▶ _Exercise description_
Set down every entry word for word. Omit the pictures.

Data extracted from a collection
<<<<

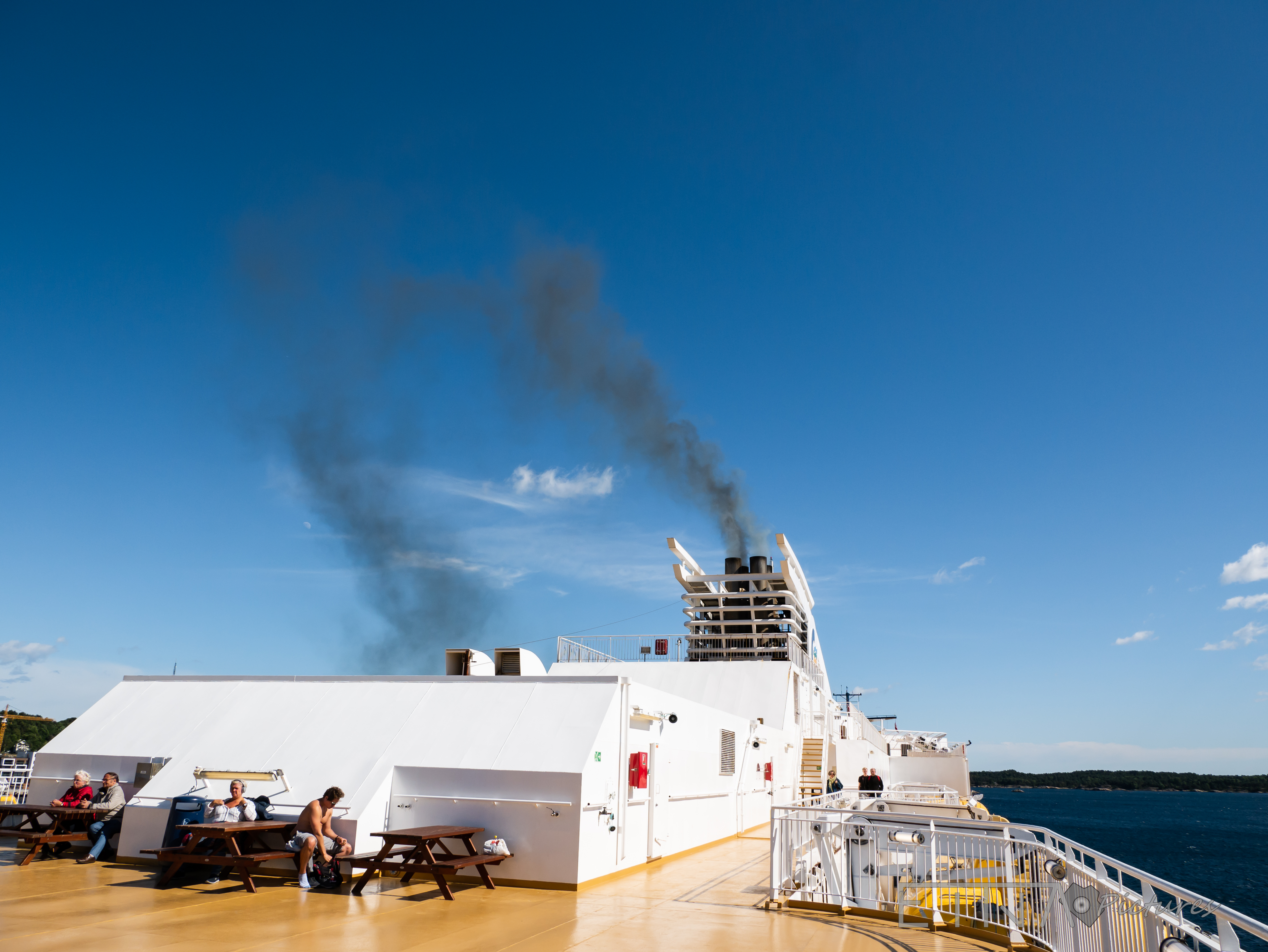 Klar haben sie das so ein Schiff brauch sehr viel Strom. Klimaanlage, Beleuchtung, Bordcomputer und vieles mehr. Alles Notwendige Systeme und so kommt es das eine blau-weiße Abgaswolke in der Luft hängt und es ist nicht nur in einen Fjord so, es sind mehrere, einige davon sind UNESCO-Weltnaturerbe wie der Geirangerfjord (wo zu Hauptsession bis zu 5 Kreuzfahrtschiffe liegen)
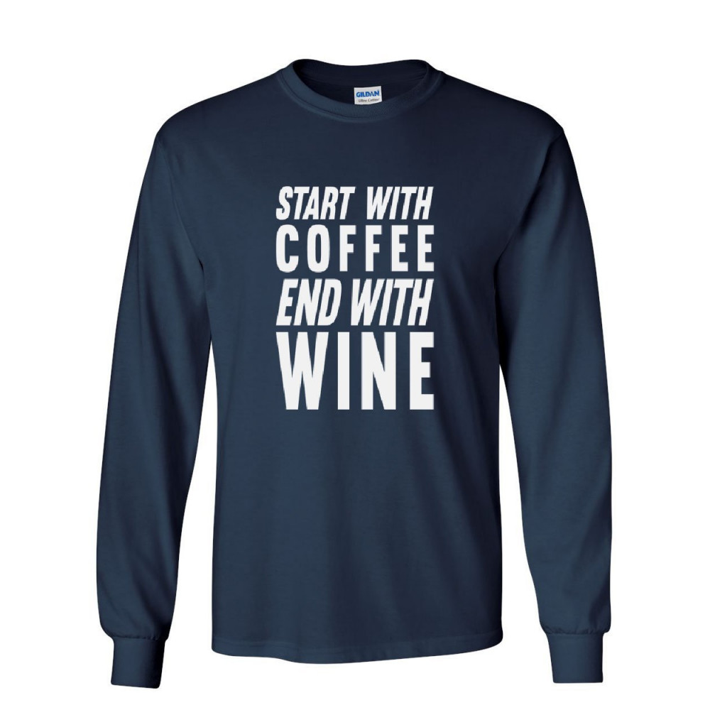 START WITH COFFEE END WITH WINE long sleeve t-shirt drinking daily routine tee navy blue
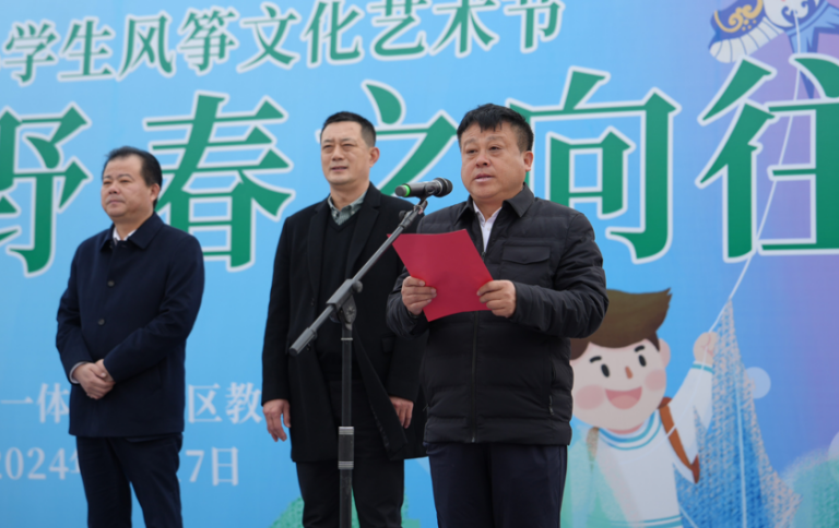 開幕式上,聶愛軍在致辭中表示:示范區(qū)教體局始終堅(jiān)持把立德樹人作為教育的根本任務(wù),全方位推進(jìn)素質(zhì)教育。風(fēng)箏,是我國(guó)古老的傳統(tǒng)民間藝術(shù),它翱翔于藍(lán)天、聯(lián)結(jié)著友誼,寄托著人們對(duì)美好生活的向往。希望同學(xué)們能夠通過今天的活動(dòng),以風(fēng)箏為媒,擁抱自然,放飛夢(mèng)想。各學(xué)校能夠相互學(xué)習(xí)、相互借鑒,為傳承弘揚(yáng)中國(guó)優(yōu)秀傳統(tǒng)文化貢獻(xiàn)示范區(qū)教育力量。
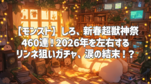 新年早々、モンストユーザーの間で話題沸騰中の動画がこちら!人気YouTuber「しろ」さんが、新春超獣神祭に挑み、新限定キャラ「リンネ」を狙ってなんと460連もガチャを回すという、まさに破格の企画です。2026年の運勢を占うとも言えるこのガチャ、果たして「しろ」さんは爆死してしまうのか、それとも大勝利を掴むのか…!? 私もリアルタイムで固唾を飲んで見守ってしまいました。その興奮と結果を、この記事で詳しくレビューしていきます!
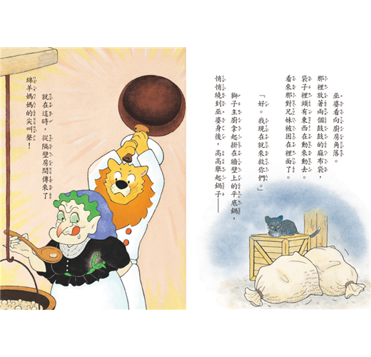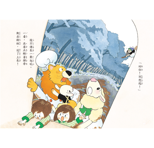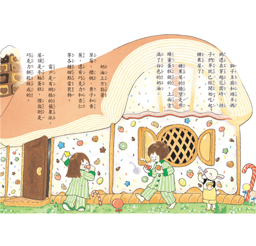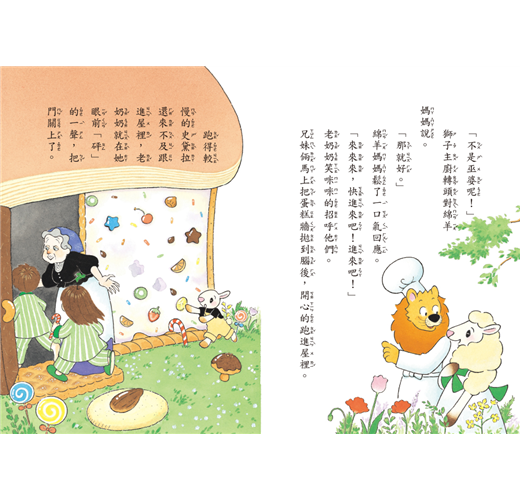於是,獅子主廚和綿羊媽媽穿越魔法冰箱,往森林裡的糖果屋,
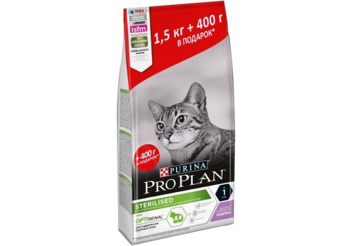 PRO PLAN STERILISED Сухой корм ПРО ПЛАН для взрослых кошек для поддержания здоровья почек после стерилизации с индейкой 1,5 кг + 400 г
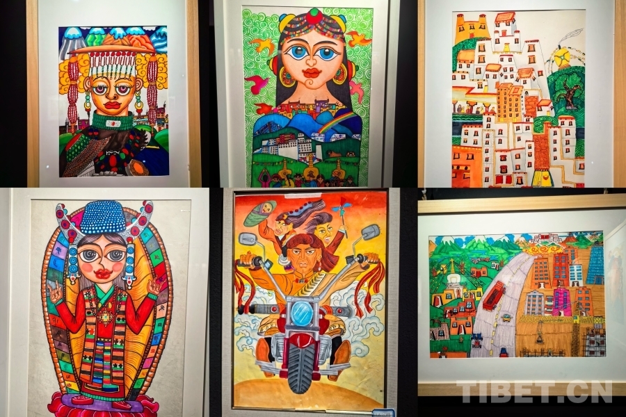 “孩子們平時(shí)都很喜歡畫畫,我們也會(huì)去給他們進(jìn)行指導(dǎo),幫忙修改。有很多很優(yōu)秀的作品,今天我們?cè)谶@里只展示了35幅代表作品供大家欣賞?!爆F(xiàn)任拉薩特殊教育學(xué)校美術(shù)老師的寧曉寒是該校的首屆畢業(yè)生,在從南京特教學(xué)院畢業(yè)后回到母校任教,他在展廳對(duì)著學(xué)生的作品用手語(yǔ)向我們介紹了作品背后的故事?!拔覀兠@人雖然聽(tīng)不到外界的聲音,但是我們可以用手語(yǔ)表達(dá)我們的心聲,用眼睛觀察這個(gè)世界,我希望我們可以勇敢地張口發(fā)音,大膽地嘗試,這樣社會(huì)對(duì)我們的了解也會(huì)發(fā)生變化。我們用眼睛去看這個(gè)世界,用眼睛感受西藏的發(fā)展變化?!?/p>
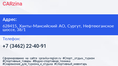 CARzina по адресу 628415, Ханты-Мансийский АО, Сургут, Нефтеюганское шоссе, 38/1 в дальнейшем Организация, размещена в следующих категориях:
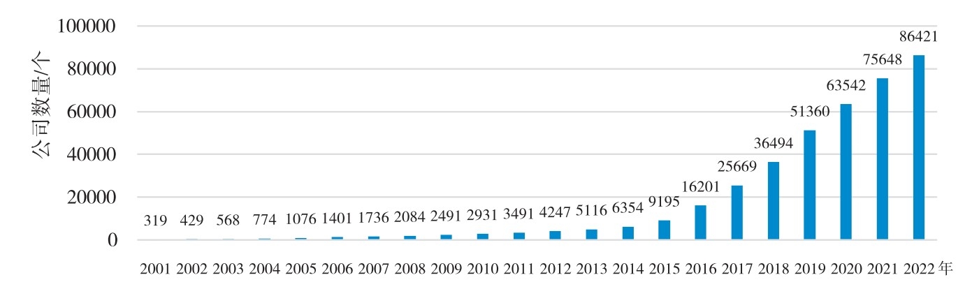图 3-1 中国大陆地区金融科技公司数量的变化
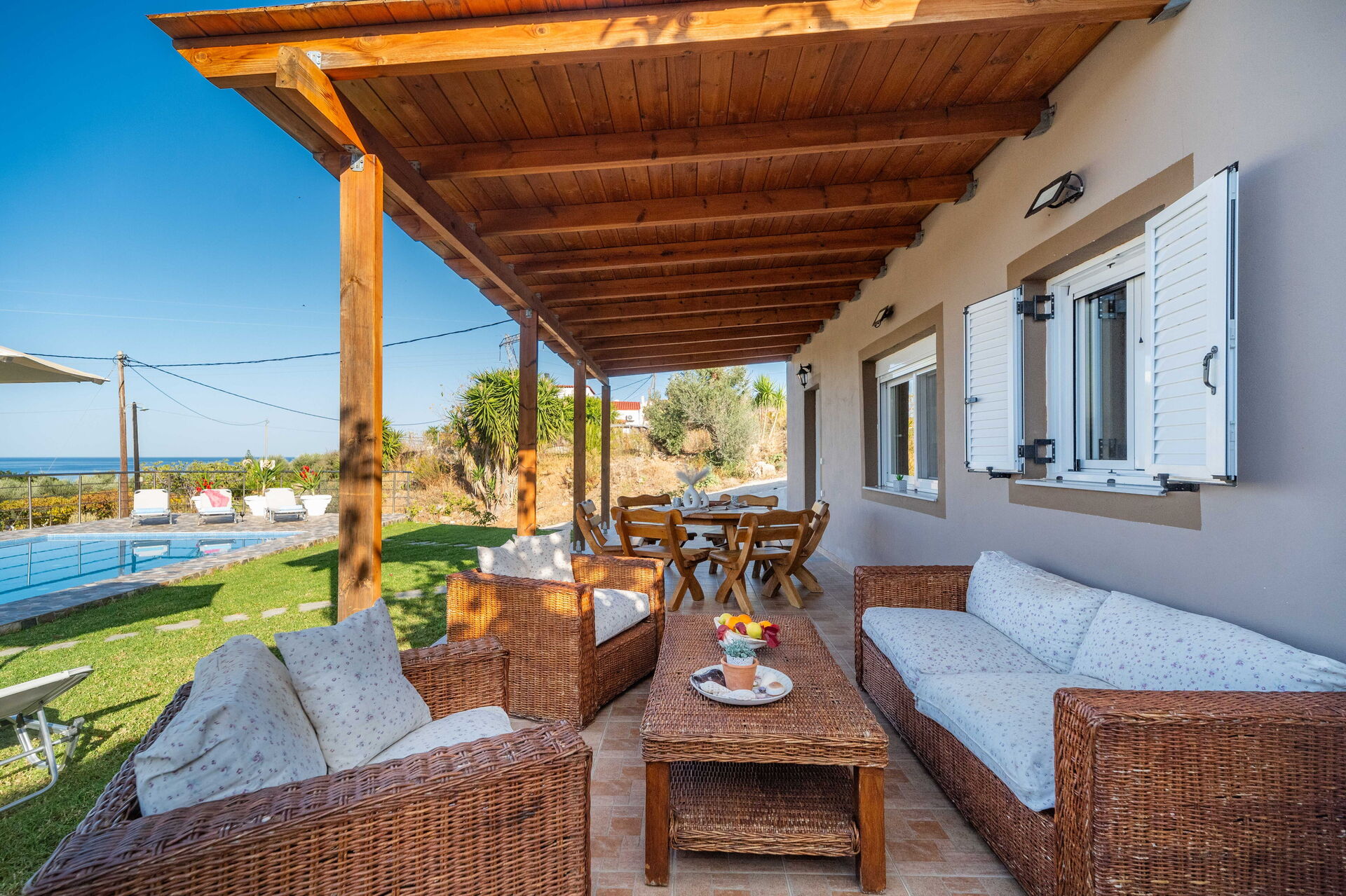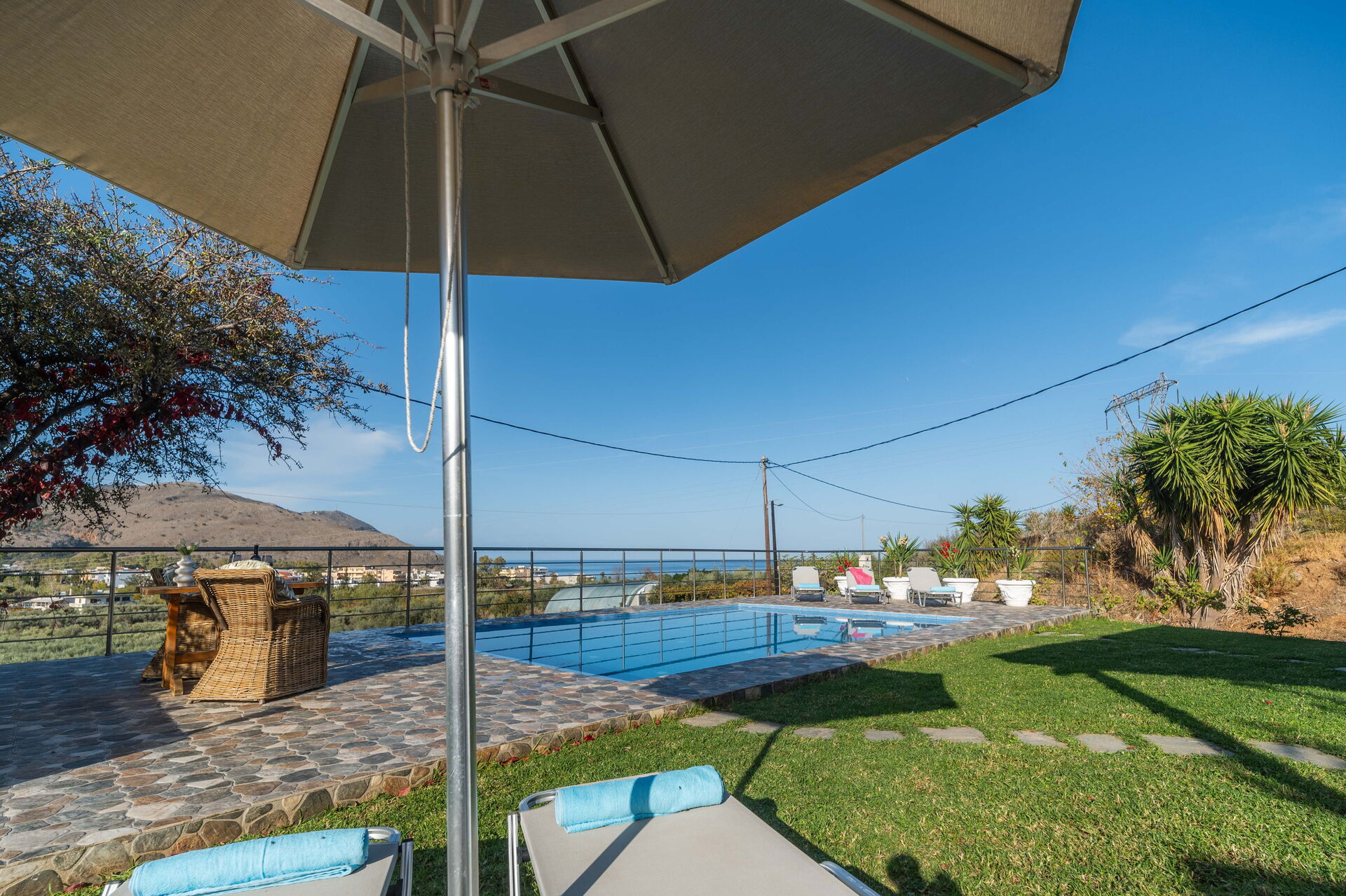 Villa Rose ligger fredeligt med en fantastisk udsigt over havet. Fra den solrige terrasse med privat pool kan du nyde den smukke panoramaudsigt over omgivelserne.

>>>>

▶ _Answer to this task_
 Klar haben sie das so ein Schiff brauch sehr viel Strom. Klimaanlage, Beleuchtung, Bordcomputer und vieles mehr. Alles Notwendige Systeme und so kommt es das eine blau-weiße Abgaswolke in der Luft hängt und es ist nicht nur in einen Fjord so, es sind mehrere, einige davon sind UNESCO-Weltnaturerbe wie der Geirangerfjord (wo zu Hauptsession bis zu 5 Kreuzfahrtschiffe liegen)
 START WITH COFFEE END WITH WINE long sleeve t-shirt drinking daily routine tee navy blue
 開幕式上,聶愛軍在致辭中表示:示范區(qū)教體局始終堅(jiān)持把立德樹人作為教育的根本任務(wù),全方位推進(jìn)素質(zhì)教育。風(fēng)箏,是我國(guó)古老的傳統(tǒng)民間藝術(shù),它翱翔于藍(lán)天、聯(lián)結(jié)著友誼,寄托著人們對(duì)美好生活的向往。希望同學(xué)們能夠通過今天的活動(dòng),以風(fēng)箏為媒,擁抱自然,放飛夢(mèng)想。各學(xué)校能夠相互學(xué)習(xí)、相互借鑒,為傳承弘揚(yáng)中國(guó)優(yōu)秀傳統(tǒng)文化貢獻(xiàn)示范區(qū)教育力量。
 新年早々、モンストユーザーの間で話題沸騰中の動画がこちら!人気YouTuber「しろ」さんが、新春超獣神祭に挑み、新限定キャラ「リンネ」を狙ってなんと460連もガチャを回すという、まさに破格の企画です。2026年の運勢を占うとも言えるこのガチャ、果たして「しろ」さんは爆死してしまうのか、それとも大勝利を掴むのか…!? 私もリアルタイムで固唾を飲んで見守ってしまいました。その興奮と結果を、この記事で詳しくレビューしていきます!
於是,獅子主廚和綿羊媽媽穿越魔法冰箱,往森林裡的糖果屋,
 PRO PLAN STERILISED Сухой корм ПРО ПЛАН для взрослых кошек для поддержания здоровья почек после стерилизации с индейкой 1,5 кг + 400 г
 “孩子們平時(shí)都很喜歡畫畫,我們也會(huì)去給他們進(jìn)行指導(dǎo),幫忙修改。有很多很優(yōu)秀的作品,今天我們?cè)谶@里只展示了35幅代表作品供大家欣賞?!爆F(xiàn)任拉薩特殊教育學(xué)校美術(shù)老師的寧曉寒是該校的首屆畢業(yè)生,在從南京特教學(xué)院畢業(yè)后回到母校任教,他在展廳對(duì)著學(xué)生的作品用手語(yǔ)向我們介紹了作品背后的故事?!拔覀兠@人雖然聽(tīng)不到外界的聲音,但是我們可以用手語(yǔ)表達(dá)我們的心聲,用眼睛觀察這個(gè)世界,我希望我們可以勇敢地張口發(fā)音,大膽地嘗試,這樣社會(huì)對(duì)我們的了解也會(huì)發(fā)生變化。我們用眼睛去看這個(gè)世界,用眼睛感受西藏的發(fā)展變化?!?/p>
 CARzina по адресу 628415, Ханты-Мансийский АО, Сургут, Нефтеюганское шоссе, 38/1 в дальнейшем Организация, размещена в следующих категориях:
图 3-1 中国大陆地区金融科技公司数量的变化
 Villa Rose ligger fredeligt med en fantastisk udsigt over havet. Fra den solrige terrasse med privat pool kan du nyde den smukke panoramaudsigt over omgivelserne.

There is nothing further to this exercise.